Lawyer Peter Sanderson welcomed the ruling, telling The Royal Gazette: “This means that permanent residents who were here since July 31, 1989 will, as long as they are of good character, be able to apply for status. It helps people who’ve lived most of their lives in Bermuda to apply.”

Mr Sanderson added: “This whole case is about clarifying what the law means and how people are supposed to go about applying. Permanent residency, introduced in 2002 by the Progressive Labour Party, creates a whole class of people who can use this section of the Immigration and Protection Act 1956 to apply for Bermuda status.”

The Act was amended in 2011 to create the Immigration Appeals Tribunal, thus providing applicants with an independent body to appeal decisions by the Minister. The Act also contains, in Section 20(B), a basis for PRC holders to bid for status.

The two respondents in the case, who received their PRCs in 2009 and 2007 respectively, contacted Immigration in 2012 to query the procedure — but were told that no standard application forms existed through 20(B) because “it has not been used in quite some time now”.

In his judgment, Mr Justice Kawaley called the Act “a classic instance of uniquely local legislation”.

The Chief Justice added: “Navigating through it often gives even the experienced judge or practitioner an unnerving sense of what it must be like to ‘fly blind’.”

Although some areas of the law have been brought repeatedly before the courts, Mr Justice Kawaley said: “Section 20B (2)(b) is not one of those familiar provisions.”

Mr Sanderson, he added, “appears to be the first lawyer for many years to have discerned the beauty in these sleeping provisions, and to have been inspired to seek to bring them back to life.”

In considering the law as cited, the Immigration Appeals Tribunal found that Ms Carne and Mr Correia faced a catch-22: they were allowed to apply for status — but only under the stipulation that they were already “approved for the grant of Bermudian status”.

The Tribunal “struggled to give any sensible meaning to the phrase” and deemed that it “has no demonstrable relevance” — opting to disregard it.

However, as of 2013, Home Affairs refused the two applications on the grounds that they hadn’t been approved before their naturalisation was granted.

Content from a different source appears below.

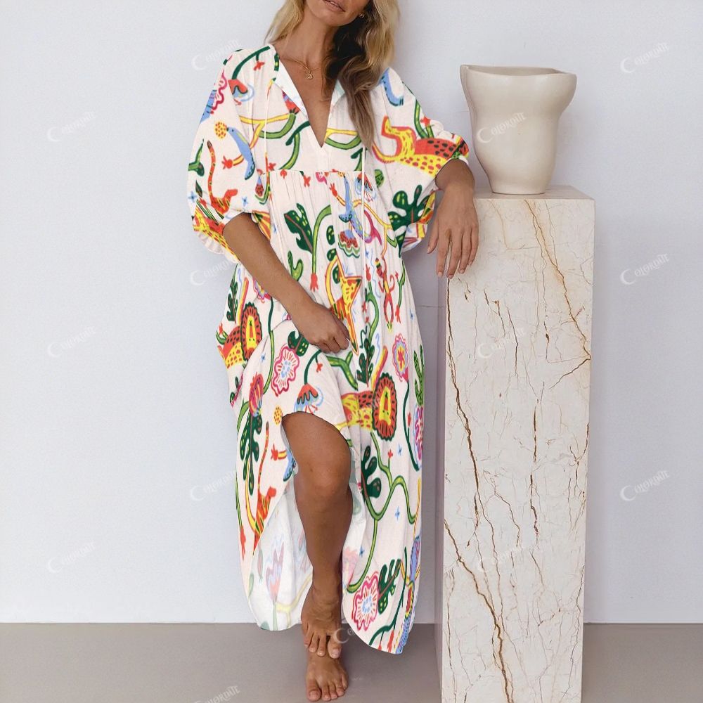 Whimsical Animal and Floral Pattern Women's casual nightdress

In his judgment, Mr Justice Kawaley quoted a 1994 Explanatory Memorandum for section 20B (2)(b) that showed it had been added to the Act 20 years ago with the aim of remedying a confusion of the law between naturalisation and applying for status — since many applicants assumed they had already obtained status through as a result of naturalisation.

Mr Justice Kawaley called it “a classic illustration of a case where what Parliament has enacted achieves a contrary result to what Government apparently intended”.

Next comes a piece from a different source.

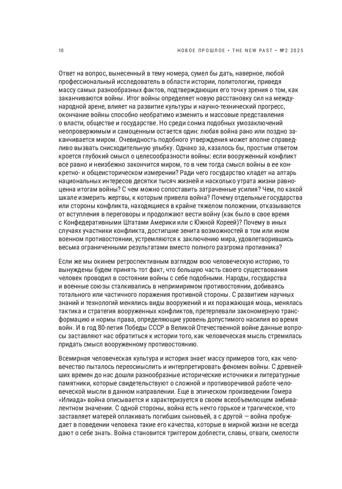 В своих ответах автор уточняет постановку вопросов относительно итогов войн прошлого, опираясь прежде всего на примеры завершения вооруженных конфликтов в Новой и новейшей истории. Указывается, что различные культуры победы и культуры поражения позволяют по-разному использовать ситуацию, сложившуюся после завершения вооруженных конфликтов. Иногда военные победы воспринимаются как политические поражения, побежденные же могут осуществлять своеобразный символический реванш, реализуя успешные мемориальные проекты, предлагая свои версии прошлого. Порой военные поражения создают условия для проведения болезненных внутренних реформ. Автор подвергает сомнению тезис о том, что пацифизм сам по себе позволит предотвратить войны. Указывается также, что всеобщая воинская повинность граждан (или их вооружение) исторически была тесно связана с демократическими и республиканскими политическими культурами, статус гражданина предполагал военную подготовку и участие в вооруженных конфликтах. Среди факторов, влияющих на память о Великой Отечественной войне в современной России, автор, опираясь на терминологию Я. Ассмана, указывает на постепенное и неизбежное снижение значения коммуникативной памяти, что предполагает усиление значения памяти культурной

For the Minister to turn down the applications for status on the sole grounds that the two hadn’t been approved for status before getting naturalised had “an ‘Alice in Wonderland’ air to it”, he added.

Mr Justice Kawaley thus affirmed the Immigration Appeals Tribunal’s decision.

Accepting the decision on Government’s behalf, lawyer Phil Perinchief said the finding would act as “a benchmark and a compass” for future litigants appearing before the Tribunal.